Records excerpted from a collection
────────
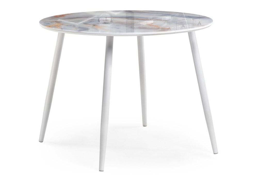 Стеклянный стол Кловис 100(140)х100х76 кианит / белый
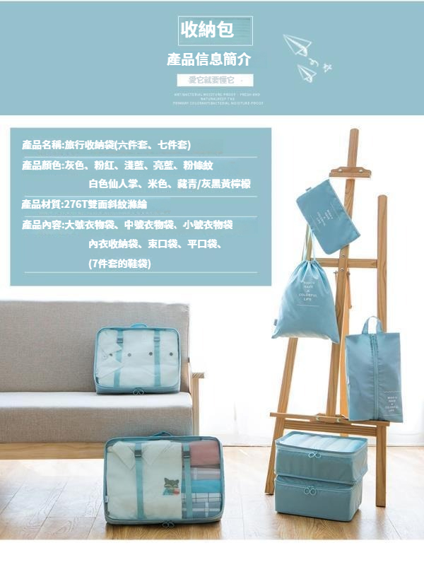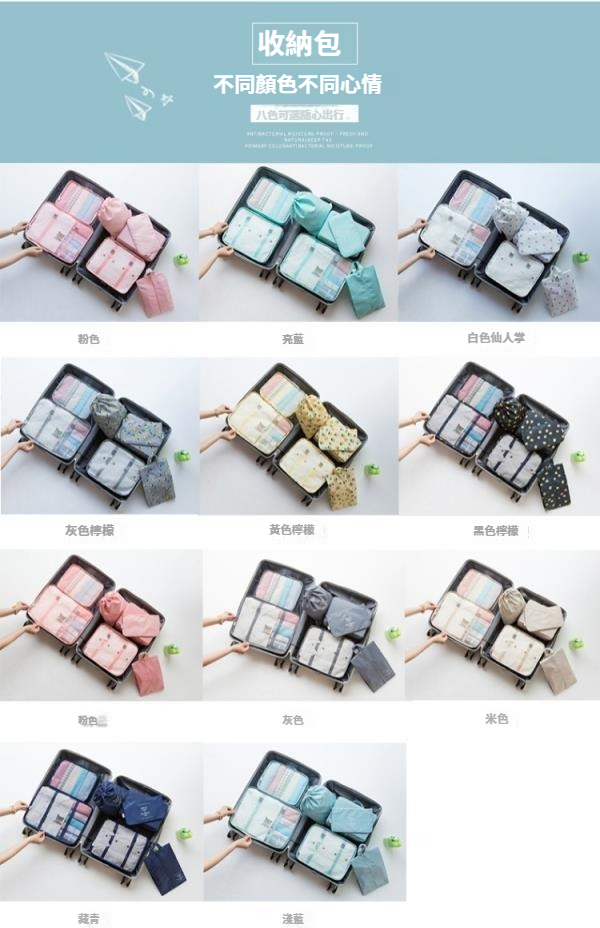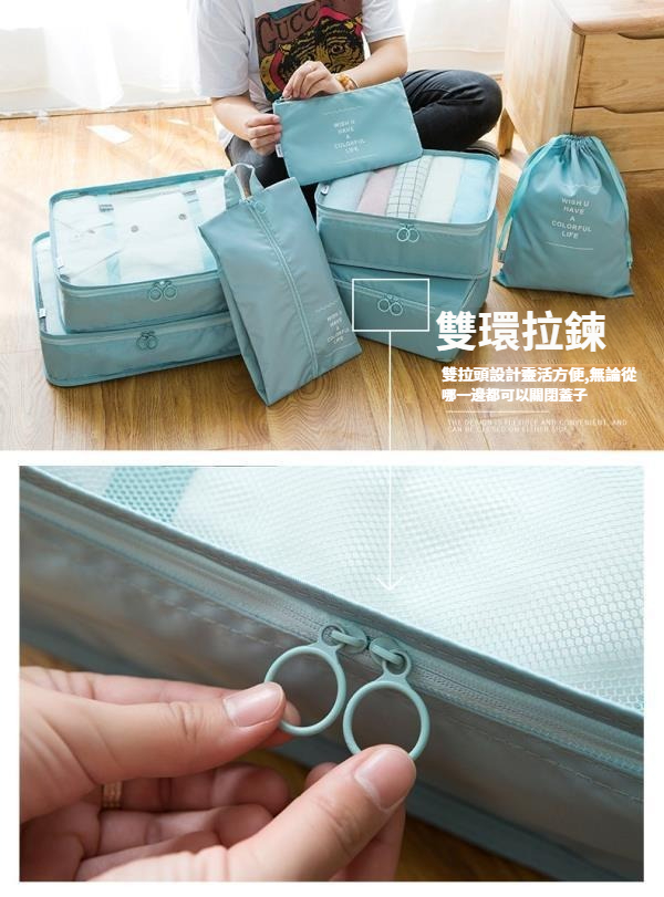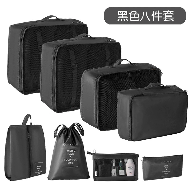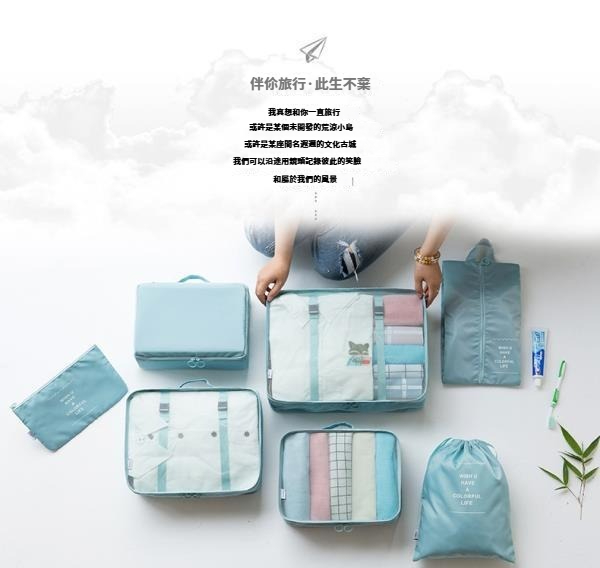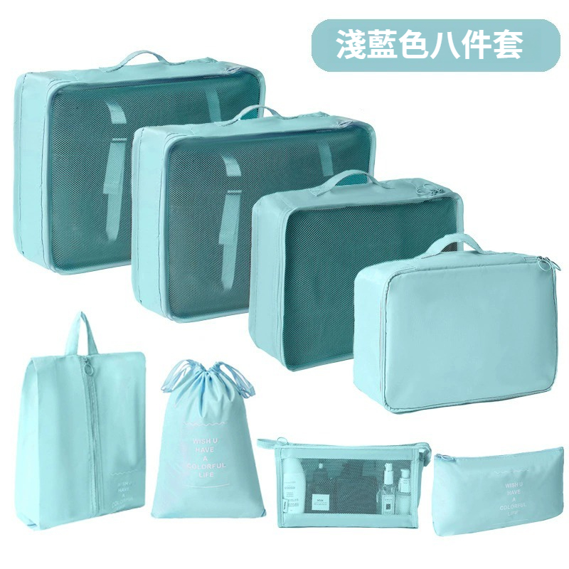 第 1 件 : 旅行收納袋八件套行李箱衣物整理袋出差旅遊衣服鞋內衣分裝收納袋
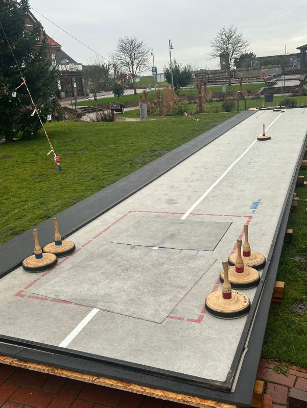 Die Stöcke, die auf die Bahn geworfen werden, müssen möglichst nah an das Ziel gleiten. Zwar ist auf Juist nur selten mit Eis und Schnee zu rechnen, doch gibt es mittlerweile andere Möglichkeiten, die ein Stockschießen auch ohne Energieaufwand auf Kunststoffbahnen erlauben.
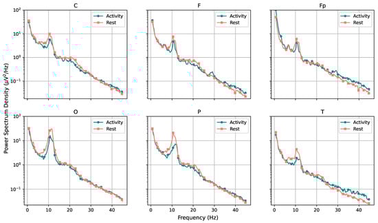Power spectral densities (PSDs) are widely used in signal processing and describe the energy density or power spectral of a signal according to a determined frequency range []. In the case of EEG signals, this tool can transform complex time series into directly interpretable information that can be categorised according to frequency bands and brain waves []. In summary, Welch’s method [] partitions the data into smaller segments and computes a widowed discrete Fourier transform (DFT) at a determined frequency for each segment. A complete description of the method can be found in [].
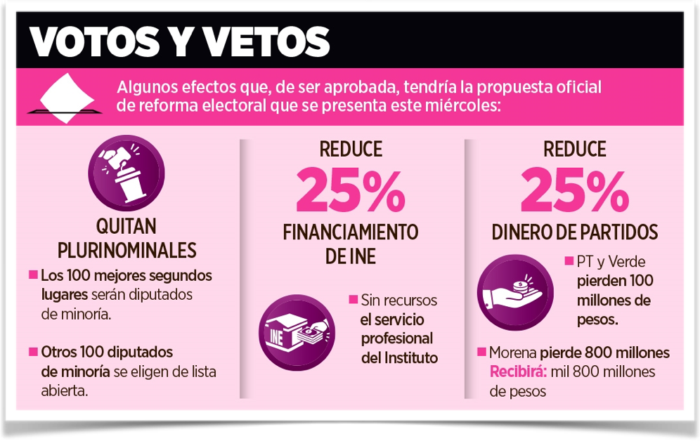 La reforma propone reducir en 25% el gasto electoral: prerrogativas de partidos, operación del INE, organismos locales y propaganda.
────────
The answer is the records above, repeated exactly, with no picture in it.

Exercise answer =
 Стеклянный стол Кловис 100(140)х100х76 кианит / белый
 第 1 件 : 旅行收納袋八件套行李箱衣物整理袋出差旅遊衣服鞋內衣分裝收納袋
 Die Stöcke, die auf die Bahn geworfen werden, müssen möglichst nah an das Ziel gleiten. Zwar ist auf Juist nur selten mit Eis und Schnee zu rechnen, doch gibt es mittlerweile andere Möglichkeiten, die ein Stockschießen auch ohne Energieaufwand auf Kunststoffbahnen erlauben.
Power spectral densities (PSDs) are widely used in signal processing and describe the energy density or power spectral of a signal according to a determined frequency range []. In the case of EEG signals, this tool can transform complex time series into directly interpretable information that can be categorised according to frequency bands and brain waves []. In summary, Welch’s method [] partitions the data into smaller segments and computes a widowed discrete Fourier transform (DFT) at a determined frequency for each segment. A complete description of the method can be found in [].
 La reforma propone reducir en 25% el gasto electoral: prerrogativas de partidos, operación del INE, organismos locales y propaganda.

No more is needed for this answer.